Ijraset Journal For Research in Applied Science and Engineering Technology
Authors: R. Savitha, Dr. V. Baby Deepa
DOI Link: https://doi.org/10.22214/ijraset.2022.48416
Certificate: View Certificate
An Item set is an instance format that is hidden beneath the raw data and after mining the database is created to help users make certain decisions to improve their business needs. Most of the previous studies are carried out in extracting frequently occurring items or patterns and rare patterns are often ignored. Rare patterns are very useful in many areas like fraud detection, underselling products, intrusion attacks on networks, and these rare patterns indicate the user with some interesting detils to overcome and avoid those problems. This paper proposes a new algorithm, BEAP algorithm, which uses binary representation and detects rare items without compromising speed and reduces memory consumption. From the experimental evaluation the proposed algorithm BEAP has been proved to be more effective and efficient than the existing algorithms.
I. INTRODUCTION
Due to the rise and evolution of the Internet, the amount of data available to businesses and individuals is increasing. Extracting useful data patterns (knowledge) from garbage data is called data mining and these extracted patterns are decoded and fed to some other process to interpret them to the common man. Sliced patterns can be in textual or graphical form and can be extracted from numerous databases such as sequential, transactional and timestamp databases. Depending on the shape, the type of mine is used and used. Regular pattern mining approach is designed to find frequent objects in the data and this FI usually reveals the symmetries in the data. More concisely, they support items that occur frequently in the database, but rare items that do not occur frequently, but are of interest in many areas such as medical diagnosis and computer network attacks. So rarities are often referred to as abnormalities or anomalies in user purchasing behavior [1] and indicate dubious security of the system [2]. Since sparse method mining is very difficult to make decisions, mining algorithms require some unique care and custom tailor solutions. Rare itemset mining is a new area and problems in the operational process have not yet been researched and analyzed.
II. BASIC CONCEPTS
Consider a1,a2,a3,…. ak} and TID = {T1,T2,T3.. TK}. A subset of Y of I is |Y| If denoted as itemset = k, then Y is a k-itemset. For example, a1a2 is a set of two items of I. Items {a1, a2, a3} are identified by the unique identifier {T1, T2, T3}.. Support is the actual measure or number (frequency) of items in a transaction. If the given number of items {a1,a2} is greater than or equal to the user-supplied support count value, the items are considered frequent or rare or infrequent.

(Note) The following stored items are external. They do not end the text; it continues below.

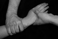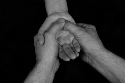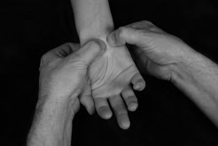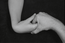 Facing the patient, one of the examiner’s thumbs is placed over the palmar aspect of the capitate bone reinforced with the thumb of the other hand. The fingers of both hands are then wrapped around the dorsum of the patient’s hand ensuring the wrist is supported in a neutral position and taking care with the handhold not to involve the patient’s thumb.
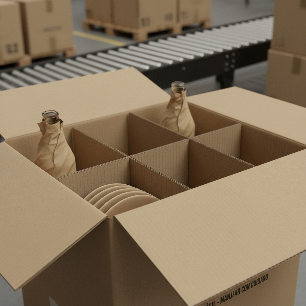 También influye el modo de envío. En envíos sobre palet, la caja suele estar mejor soportada y sufre menos agresiones puntuales, por lo que puede requerirse una protección más moderada. En cambio, los envíos por mensajería, con múltiples manipulaciones y cambios de vehículo, exigen divisores más robustos y un diseño de celdillas más ajustado para evitar daños por golpes o caídas (estic-maillot.com).
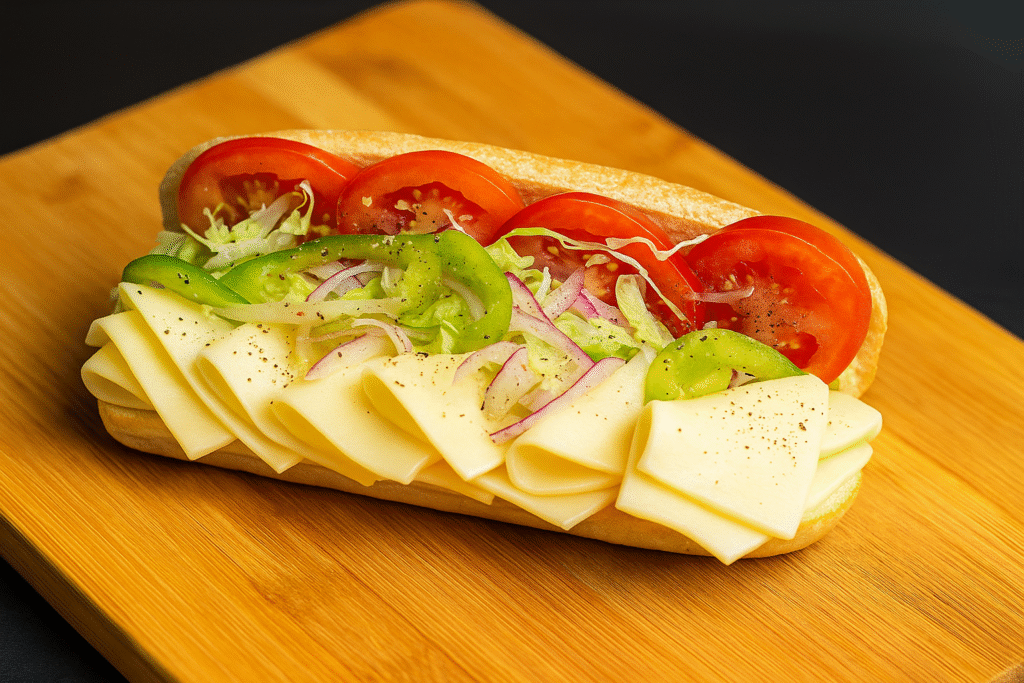 Medium Subs – $12.00 | Large Subs – $14.00 A vegetarian cheese sandwich. The sandwich is filled with sliced cheddar and provolone cheeses, layered with shredded lettuce, tomato slices, green bell peppers, sliced red onions.
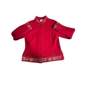 Red Wool Jacket Blazer Ethnic Bohemian Button Down Sequin Embroidery Sz…
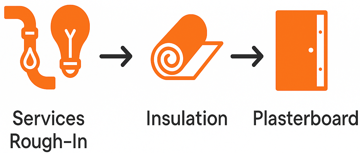Insulation is installed after framing and services rough-in, but before plasterboard is installed.
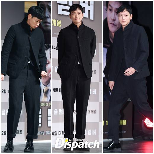강동원은 올블랙 패션으로 시선을 끌었다. 다리가 짧아 보일 수 있는 배기팬츠도 멋스럽게 소화했다.

A sample dataset is given in Table 1.set of sample database is shown in figure 1
TID |
ITEMS |
1 |
M , N , P , Q |
2 |
M , O |
3 |
M , N , O , Q |
4 |
N , O , Q |
5 |
M , N , O , Q |
Table 1: Sample database
III. OBJECTIVE OF THIS PAPER
The main objective of this thesis is to develop a new algorithm called "Binary Enhanced APriori - BEAP Algorithm". ” by combining binary representation and finding rare items from large databases. The secondary objectives are explained below,
IV. PROBLEM BACKGROUND
Although frequent item mining has evolved to a great extent, finding frequent and rare items from a database is still a complex task because it deals with many calculations and functions related to support counting and pruning. Non-promised goods. The primary problem is generating a large number of frequent items, and this makes the algorithm inefficient. If the minimum support value is set to a very low value, the amount of candidates generated will be high and if the minimum support value is set to a high value, rare items will be missed. This problem is fixed by introducing binary representation in the proposed work and starting to find rare items from the combination of unique items, and the proposed algorithm only handles 2U combinations, i.e. U are unique items.
V. FIND UNIQUE OBJECT FROM DB
Individual items from the sample database shown in Table 1 are initially found using the FindUni procedure shown in Figure 2.
Figure 2: Pseudo code of the procedure to find the unique items.
Figure 2 shows the process of finding individual items from the database. The output of the process is shown in the following table 2.
ITEMS |
FREQUENCY |
M |
4 |
N |
4 |
O |
4 |
P |
1 |
Q |
4 |
Table 2: Unique items discovered
VI. REPRESENT THE DATA IN BINARY
The database is reconstructed in binary form, i.e. if there is an item in the row identifier, that item is marked as "1". A row identifier marked with "0" does not exist. For example, the unique item {M} is in TID's {T1, T2, T3, T5} and is denoted as , the process of reconstructing the database in binary format is shown in the following Figure 3.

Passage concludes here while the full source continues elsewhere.